In this short blog post, I’m gonna show you a super simple way to calculate genotype frequencies.
Let’s say we’re looking at a single spot in the DNA (a biallelic situation) with two possible versions, “A” and “a”. That means we can have three possible genotype combos: “AA”, “Aa”, and “aa”.
What we want to do is count how many times each of these genotypes shows up at each SNP.
Let’s create a random genotype matrix for 10 genotyped animals and 20 SNPs.
set.seed(995)
(M <- matrix(c(sample(0:2, 200, replace = TRUE)), nrow = 10))
Which gives us:
[,1] [,2] [,3] [,4] [,5] [,6] [,7] [,8] [,9] [,10] [,11] [,12] [,13] [,14] [,15] [,16] [,17] [,18] [,19] [,20]
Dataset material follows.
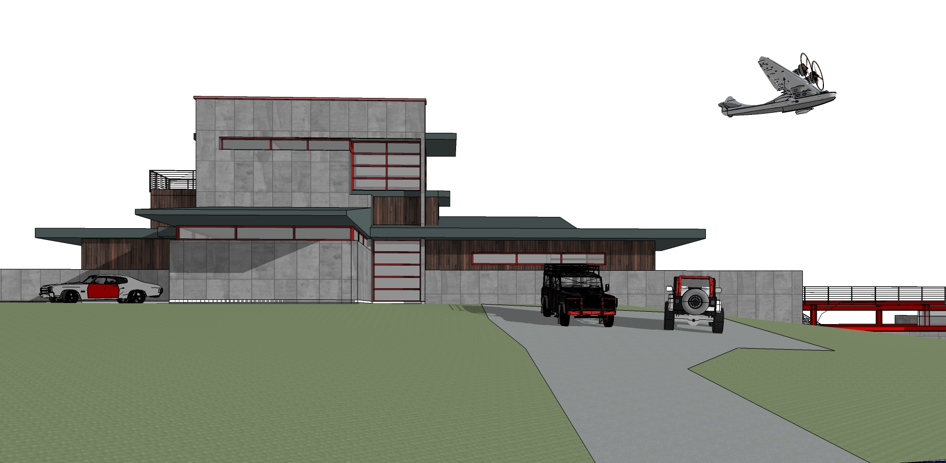 dynamic building lighting corten steel and concrete panels tall grass foreground raining

[1,] 2 0 2 1 0 2 1 1 1 0 1 1 2 1 0 1 2 0 1 1
[2,] 1 2 0 0 1 1 1 2 2 0 0 2 2 0 1 2 2 2 1 0
[3,] 0 0 2 1 0 1 2 1 0 2 2 1 1 0 0 0 0 2 0 1
[4,] 1 1 2 1 0 2 2 1 1 1 0 1 2 1 0 2 2 0 2 0
[5,] 0 2 1 1 2 2 2 1 1 2 1 0 2 2 2 1 2 0 1 1
[6,] 0 1 2 0 0 0 2 0 0 0 0 1 0 1 0 1 1 1 1 2
[7,] 2 2 2 2 0 0 1 0 0 2 1 0 2 2 1 0 2 0 0 0
[8,] 2 1 2 1 1 1 0 1 0 0 2 1 0 1 1 2 2 2 0 1
[9,] 2 1 0 2 0 0 0 0 0 0 0 0 0 2 0 1 0 0 2 2
[10,] 2 2 0 2 0 0 1 0 0 1 0 1 1 2 0 1 1 2 0 2
M
can either be a regular matrix
, a Matrix
(from the Matrix package), a data.frame
, or a data.table
.
We can count the number of each genotype at each SNP in just three simple lines of R code:
(aa <- colSums(M == 0))
(Aa <- colSums(M == 1))
(AA <- colSums(M == 2))
And here are the results:
[1] 3 2 3 2 7 4 2 4 6 5 5 3 3 2 6 2 2 5 4 3
[1] 2 4 1 5 2 3 4 5 3 2 3 6 2 4 3 5 2 1 4 4
[1] 5 4 6 3 1 3 4 1 1 3 2 1 5 4 1 3 6 4 2 3
There you have it! A super quick way to get those genotype counts. Hope that was helpful!